WORK ITEM
Nothing in the records should be changed in the copy, though the pictures must be left out.

STUDY MATERIAL
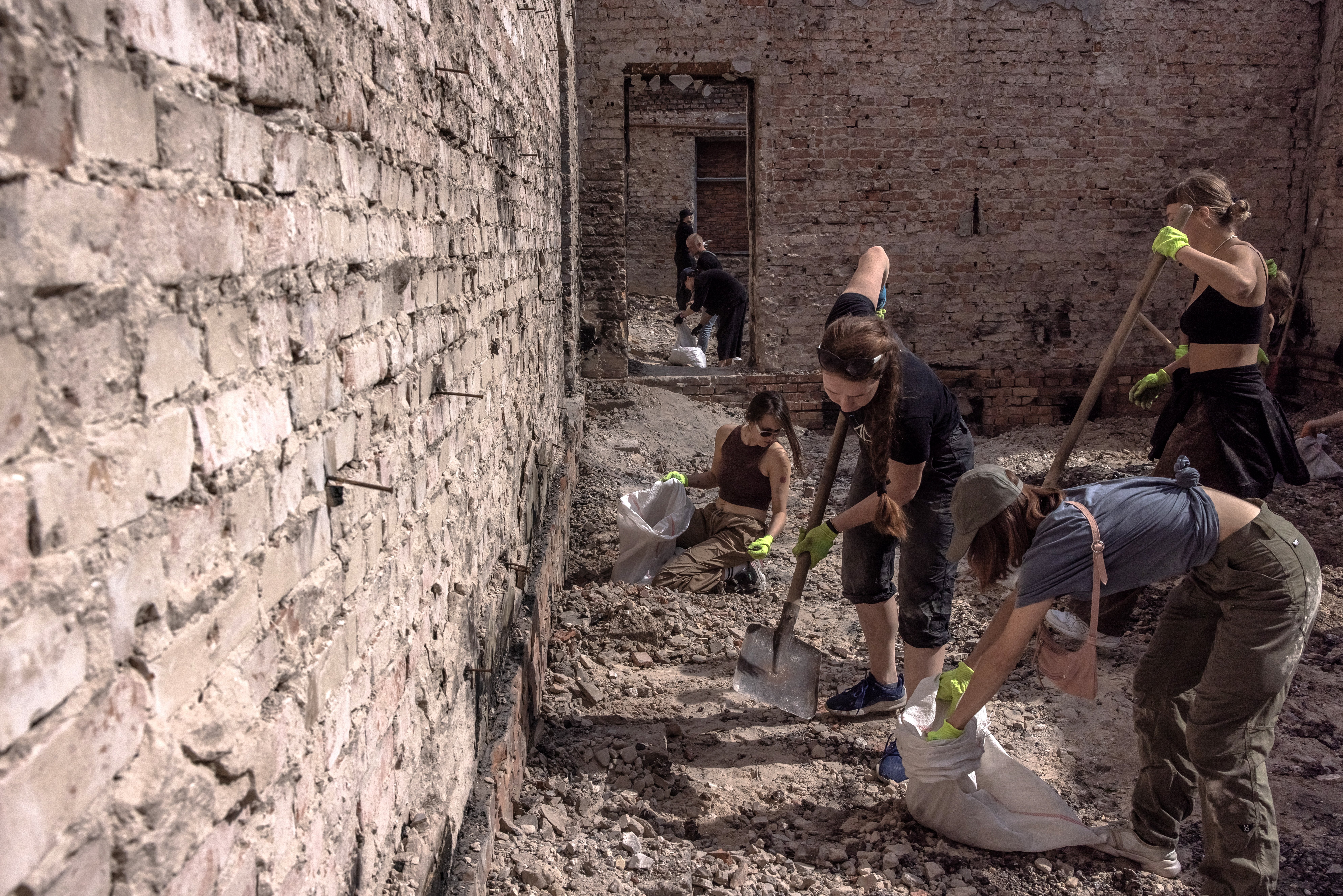 Imagen principal: voluntarios sacan escombros y limpian los escombros de una casa destruida por un bombardeo en Chernígov / Efe
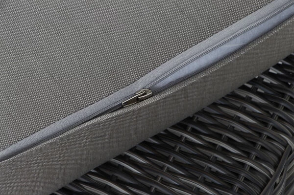 | Pflegeleicht und wetterfest Dank der hochwertigen Materialien können Sie das Möbelstück ohne Probleme das ganze Jahr über nutzen. Die Kissen verfügen über einen praktischen Reißverschluss und sind zudem handwaschbar. Mit einer regelmäßigen, jedoch nicht sonderlich zeitintensiven Pflege, haben Sie ganz besonders lange Freude daran. |
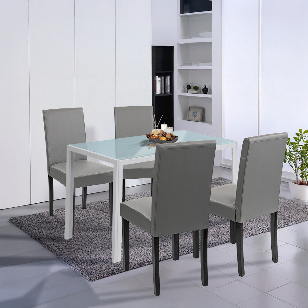 Set masă cu 4 scaune Leziter Mira alb-gri, masă sticlă securizată 120x70
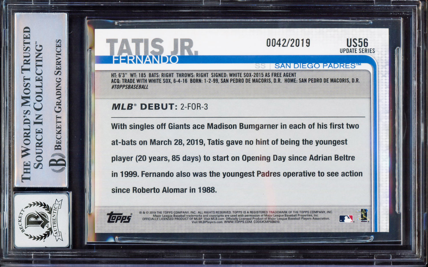 Fernando Tatis Jr. Autographed 2019 Topps Update Gold Rookie Card #US56 San Diego Padres BGS 8 Auto Grade Gem Mint 10 Beckett BAS #15350685
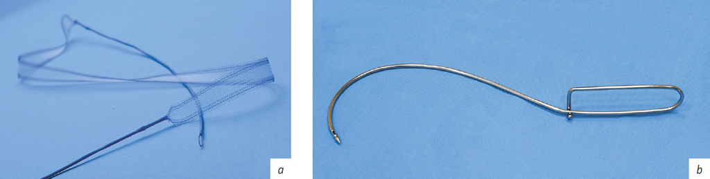 Рис. 1. Эндопротез УроСлинг-1 (а); проводник-игла Урофикс-ПЛ, модификация 3 («серп») (b)
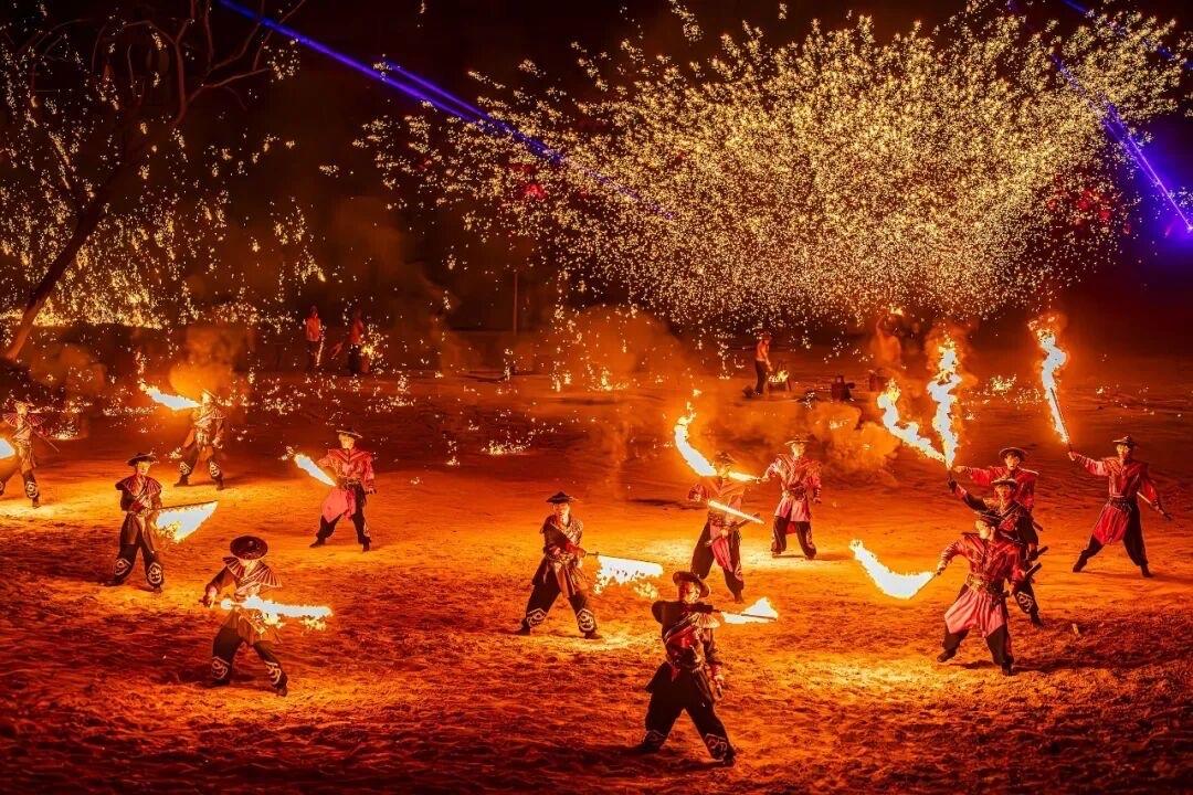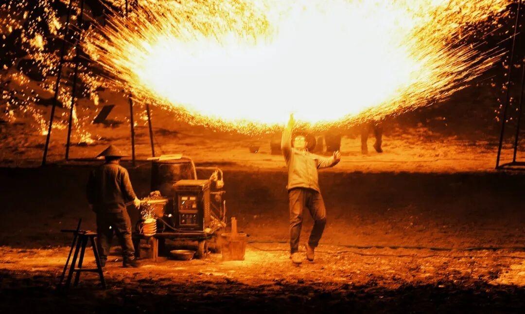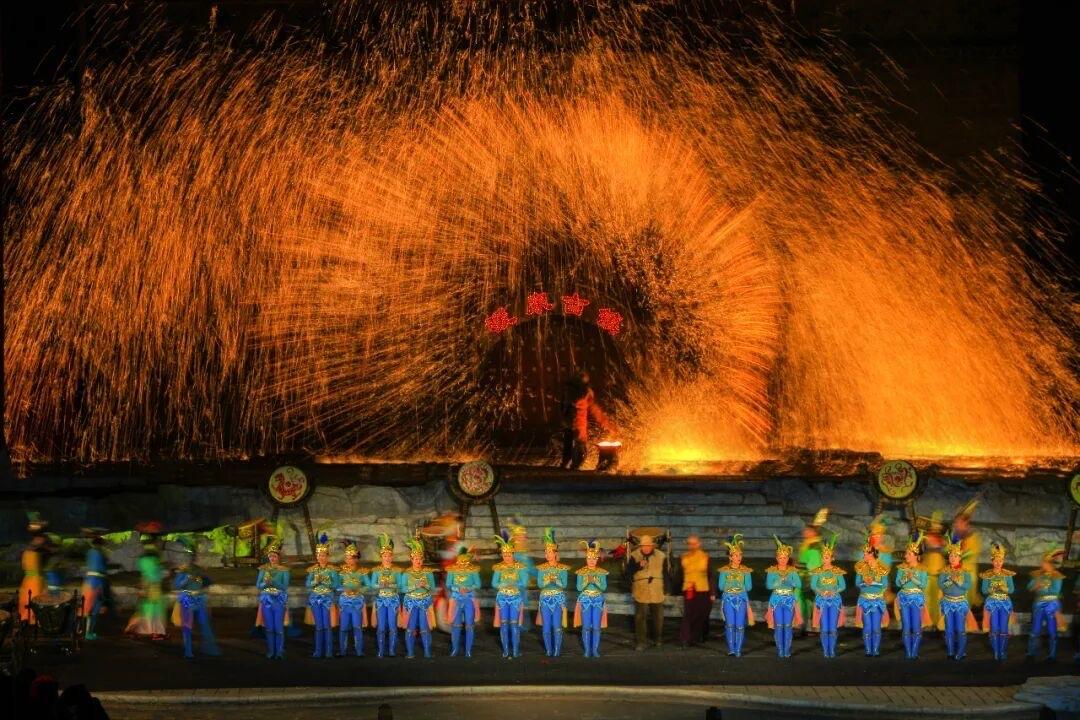 每晚七点,开封万岁山武侠城四千座剧场座无虚席。观众点亮手机灯光汇成星海,齐唱经典歌曲,为非遗绝技打铁花暖场。 七点半,十座炉火齐燃,匠人将1600℃铁水奋力击向夜空,刹那间金雨凌空、流光漫天。少林功夫、传统绝技在火雨中轮番上演,现场气氛热烈震撼。 有游客感慨,这场绚烂演出,让“国泰民安”四个字有了最直观的画面。 这门古老的非遗技艺,如今在开封、晋城、唐山、长沙等地景区焕发生机,成为夜游爆款,惊艳无数游客,尽显中式浪漫与磅礴气势。

SOLUTION TO THIS PROBLEM
 Imagen principal: voluntarios sacan escombros y limpian los escombros de una casa destruida por un bombardeo en Chernígov / Efe
 | Pflegeleicht und wetterfest Dank der hochwertigen Materialien können Sie das Möbelstück ohne Probleme das ganze Jahr über nutzen. Die Kissen verfügen über einen praktischen Reißverschluss und sind zudem handwaschbar. Mit einer regelmäßigen, jedoch nicht sonderlich zeitintensiven Pflege, haben Sie ganz besonders lange Freude daran. |
 Set masă cu 4 scaune Leziter Mira alb-gri, masă sticlă securizată 120x70
 Fernando Tatis Jr. Autographed 2019 Topps Update Gold Rookie Card #US56 San Diego Padres BGS 8 Auto Grade Gem Mint 10 Beckett BAS #15350685
 Рис. 1. Эндопротез УроСлинг-1 (а); проводник-игла Урофикс-ПЛ, модификация 3 («серп») (b)
 每晚七点,开封万岁山武侠城四千座剧场座无虚席。观众点亮手机灯光汇成星海,齐唱经典歌曲,为非遗绝技打铁花暖场。 七点半,十座炉火齐燃,匠人将1600℃铁水奋力击向夜空,刹那间金雨凌空、流光漫天。少林功夫、传统绝技在火雨中轮番上演,现场气氛热烈震撼。 有游客感慨,这场绚烂演出,让“国泰民安”四个字有了最直观的画面。 这门古老的非遗技艺,如今在开封、晋城、唐山、长沙等地景区焕发生机,成为夜游爆款,惊艳无数游客,尽显中式浪漫与磅礴气势。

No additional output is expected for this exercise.